Una visita nell’accogliente città di Rimini è un’opportunità da non sottovalutare e guai a dare alcune peculiarità per scontate, perché dietro i noti aspetti esteriori come le belle spiagge attrezzate per tutte le età, gli alberghi per tutte le tasche e la famosa cucina romagnola e tutte le consuetudini di vita sul mare, c’è una vita pulsante di attività varie e originali, che aspettano solo di essere scoperte.
Concentratevi su un percorso a piedi, per le stradine con un acciottolato bianco e rosato , a volte circondate da giardinetti rinfrescanti, con la sorpresa di trovarvi in mezzo a una bella piazza con palazzi medievali e quattrocenteschi; stiamo parlando di Piazza Cavour, con il Palazzo dell’Arengo e il Palazzo del mercato del pesce e la famosa Fontana della pigna.

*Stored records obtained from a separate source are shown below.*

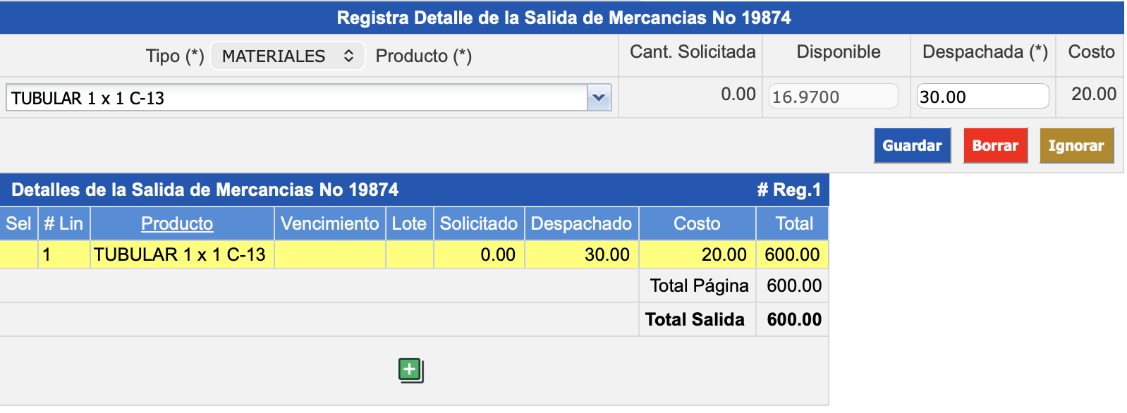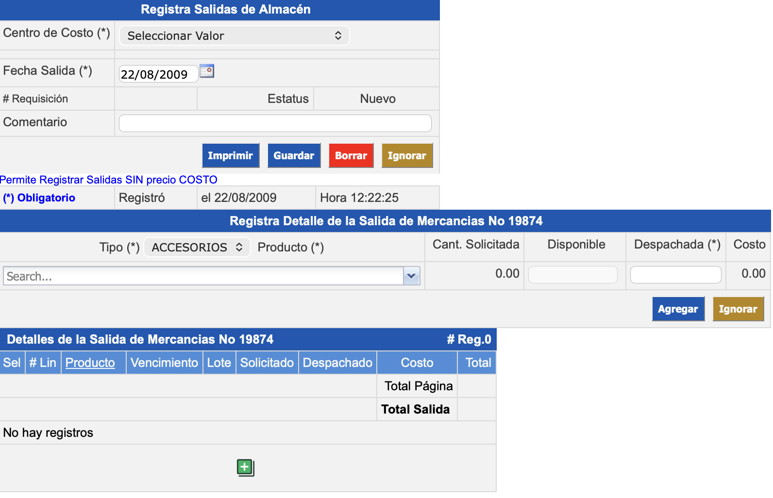 Nuevo: Sólo esta capturado el encabezado de la salida o despacho de mercancía, no tiene registrado detalles.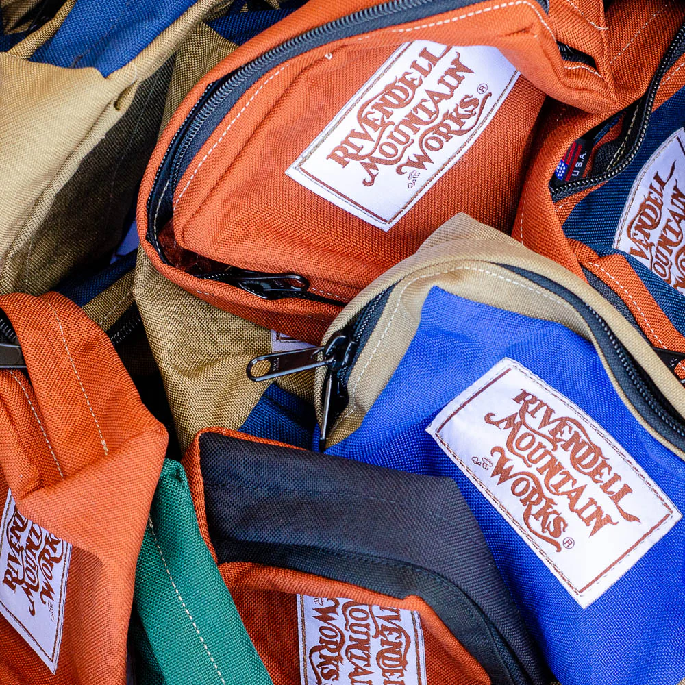Rivendell Mountain Works was started by a guy named Larry Horton, who is now a doctor of Chinese medicine in New Mexico (has been since RMW closed or he sold it in 1979 or so). Since then it was bought by Don Wittenberg, a good lawyer who knew the shame in seeing it go away, so wanted to save it. The day-to-day manager has been Eric Hardee, mountaineer, ski patroller, and full-time sewer. Not all of the original RMW products are still in circulation, but most of the packs are, and the new here, the Elf Pouch, has been my (Grant) and my friends’ and several RIV employee’s favorite bike tool pocket for years now. It fits in any pack, but it usually goes into a BananaSack. It has a beltloop, and has often been a small camera bag. It’s a good size.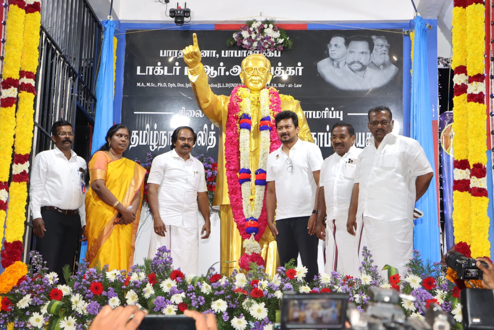 சட்டமேதை அம்பேத்கர் முழு உருவ வெண்கலச் சிலையை திறந்து வைத்தார்.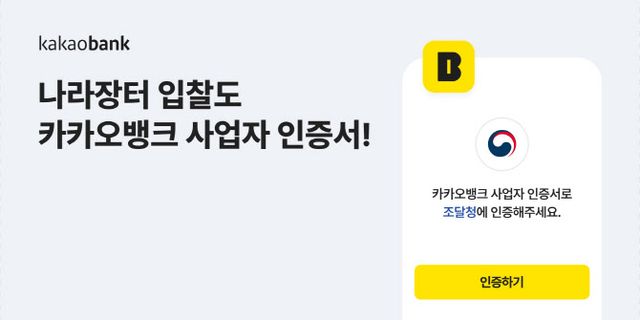 [이데일리 김나경 기자] 앞으로 카카오뱅크 사업자인증서를 조달청 ‘차세대 나라장터’ 인증 수단으로 사용할 수 있다.

Scoprire Rimini cosi….con palazzi seri e solenni in mezzo alle viuzze di una città di mare.
Non mettetevi per forza alla ricerca del mare anche se la presenza si sente, per l’aria umida e il vento dell’Adriatico che gonfia, come le vele, le tende a righe azzurre sui balconi.

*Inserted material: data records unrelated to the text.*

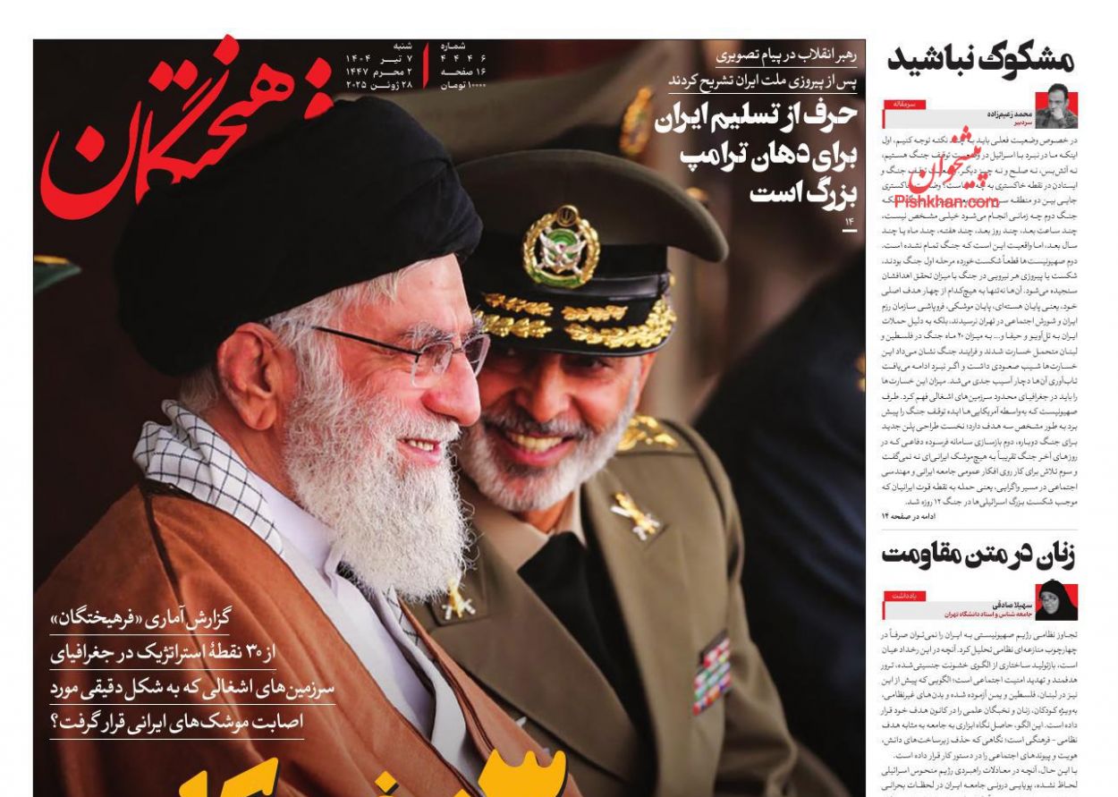 جمهوری اسلامی ، سهشنبه ۱۷ تیر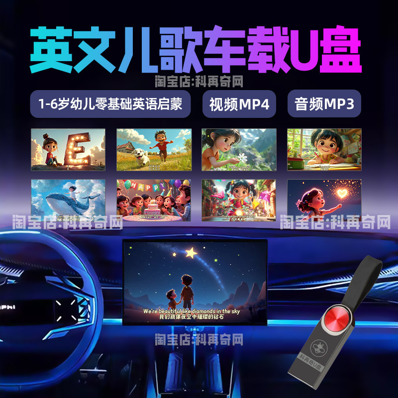 儿童英文歌车载音乐u盘学英语启蒙儿歌汽车MP3MP4音频视频歌曲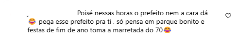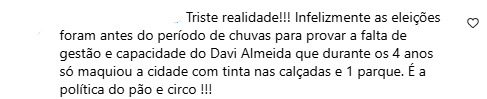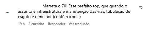 “Esse prefeito top, que quando o assunto é infraestrutura e manutenção das vias, tubulação de esgoto é o melhor (contém ironia)”, disse outro internauta.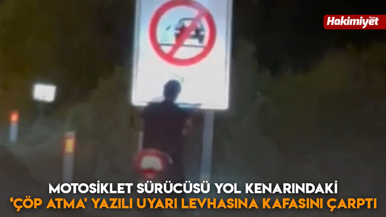 - Motosiklet sürücüsü yol kenarındaki 'çöp atma' yazılı uyarı levhasına kafasını çarptı
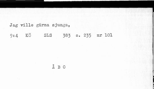//// Jag ville gärna sjunga, //// 9j4 KÖ SLS 383 s. 235 nr 101 //// ÅBO //// ¦ ¦ ¦ ////
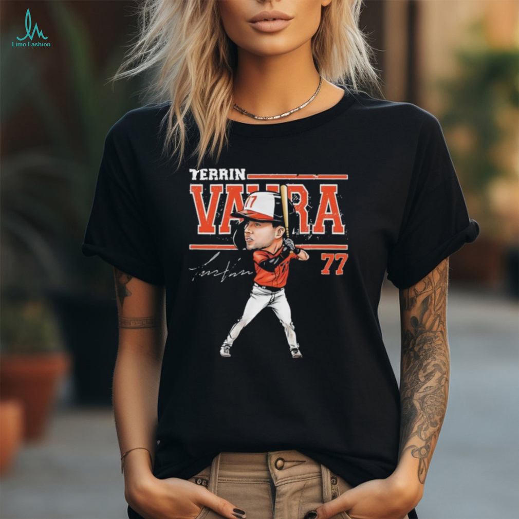 Terrin Vavra 77 Baltimore Orioles baseball MLB player signature cartoon shirt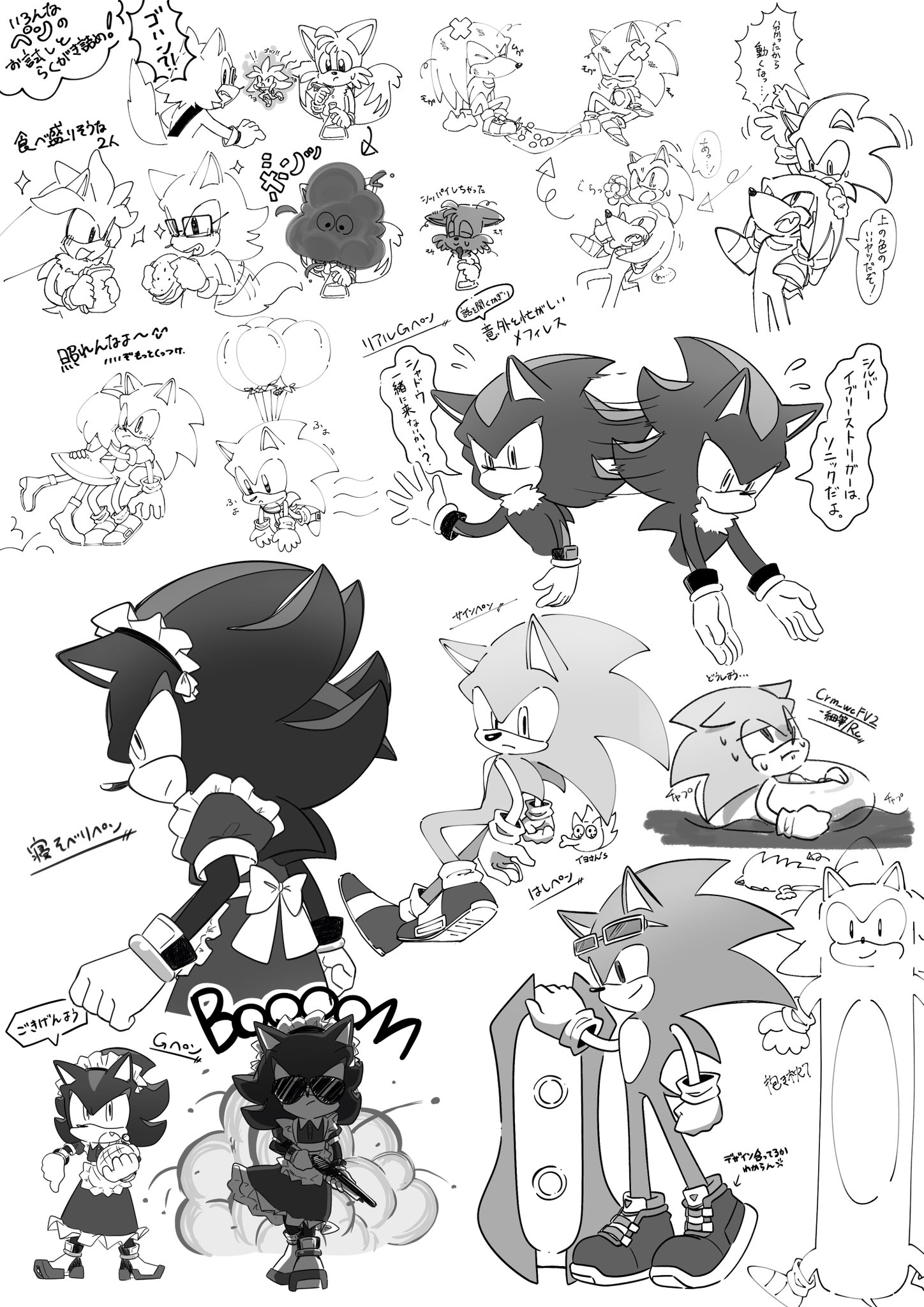 safe36724 artist:oudooooon42795 amy rose5710 gadget the wolf219 knuckles the echidna2250 mephiles the dark173 miles "tails" prower9086 shadow the hedgehog6110 silver the hedgehog1877 sonic the hedgehog13327 20253418 balloon29 classic sonic985 crossdressing155 dress759 extreme gear229 greyscale889 group1334 gun320 holding something3337 hugging1209 inner tube5 japanese text420 maid outfit39 monochrome2099 riders outfit87 simple background14971 sketch1809 sketch page39 smile13731 sonic riders360 speech bubble1365 standing10530 sunglasses464 water450 white background7328

Camminando nel dedalo delle strade e stradine, non molto lontano dalla stazione ferroviaria, si scopre, tra le case anonime, il Tempio Malatestiano, edificio maestoso in marmo bianco. Era un’antica chiesa francescana, scelta da Sigismondo Malatesta intorno alla metà del 1400 come luogo di sepoltura della famiglia. La facciata dell’Alberti, non compiuta, vi dà un moto di riflessione e rispetto, ma entrando siete in un certo senso ripagati dell’impressione provata guardando l’esterno lineare e piuttosto spoglio! Infatti una serie di cappelle ornate vi accolgono nell’unica navata della Cattedrale. In fondo, nell’abside, si staglia il Crocifisso, un dipinto meraviglioso, attribuito a Giotto, realizzato con tecnica a tempera su tavola lignea intorno al 1313. L’affresco, nella prima cappella a destra, che ritrae Sigismondo Pandolfo Malatesta, inginocchiato davanti San Sigismondo ti coinvolge sia fisicamente sia spiritualmente e ti spinge ad avvicinarti. I tratti, la luce, i colori sono di Piero della Francesca. Il Tempio è divenuto Cattedrale riminese già nel 1809 ed è visitabile non nel momento delle liturgie.

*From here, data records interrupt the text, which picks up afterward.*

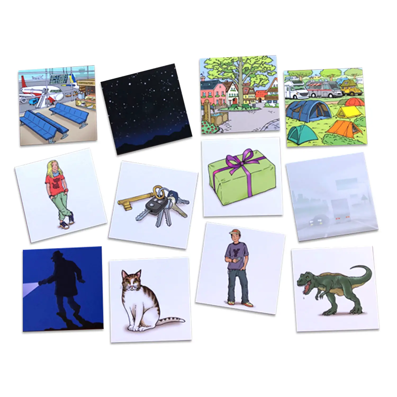 - Inventare Storie con Immagini: Ogni tessera contiene immagini colorate e dettagliate per creare racconti sempre diversi e stimolanti.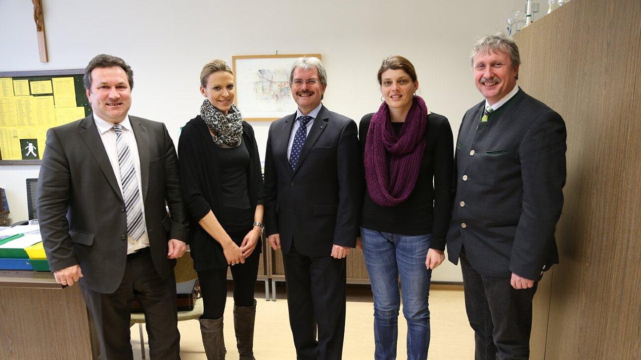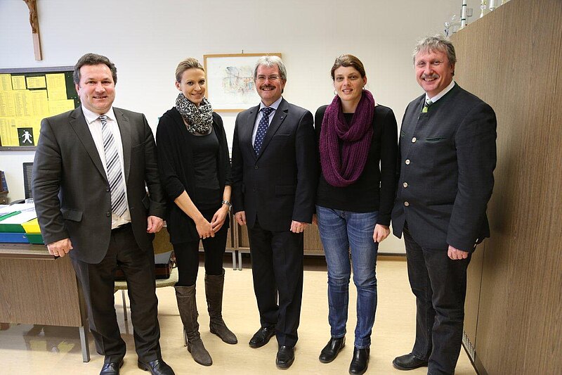 Direktor Mathias Schön vom Brucker Gymnasium empfing Landesrat Karl Wilfing und Bezirksparteiobmann Bgm. Gerhard Schödinger gemeinsam mit der Kandidatin zur Landtagswahl Kathi Pirchner und Vertreter des Lehrpersonals zu einem kurzen Gedankenaustausch in der Schule.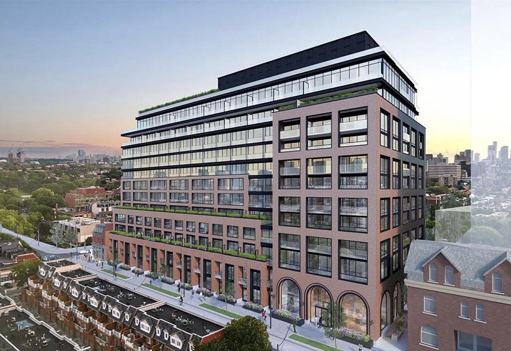 This mid-rise condominium at 111 Strachan Ave stands 13 storeys tall, boasting over 300 units ranging from studios to three-bedroom residences. With its blend of retail space and townhome units, Bellwoods House presents an enticing investment prospect.

Una tappa per gustare un piattino tipico?
A pranzo c’è la piada, ben cotta e sottile, tipica riminese. Si può gustare da ‘Strampalato’, un ristorante con le finestrelle che affacciano sulla rada, dove le navi aspettano di partire. Si trova in via Destra del Porto. Qui tutto è ‘stra’, ma forse la piada più ‘stra’ di tutte è quella con le alici ‘strafelici’: pesciolini accovacciati su un letto di sana verdurina coltivata sul terrazzino, con un po’ di squacquerone lieve e cremoso spalmato. Sono 5 le A decantate nel sito del ristorante www.Strampalato.it: attenzione, affidabilità, attualità, accoglienza, affiatamento. C’è anche il menu per i bambini.
Uno shopping ad hoc
Una donna non può non avere il piacere di mettere in mostra, iniziando un viaggio, una bella borsa, magari coloratissima, come i sogni che si agitano dentro! A Rimini le più colorate sono dalla Brandina, un nome che richiama le tipiche tele a strisce delle sdraio. Questi modelli hanno ormai oltrepassato i confini della Romagna. Il negozio è in pieno centro, in Corso d’Augusto.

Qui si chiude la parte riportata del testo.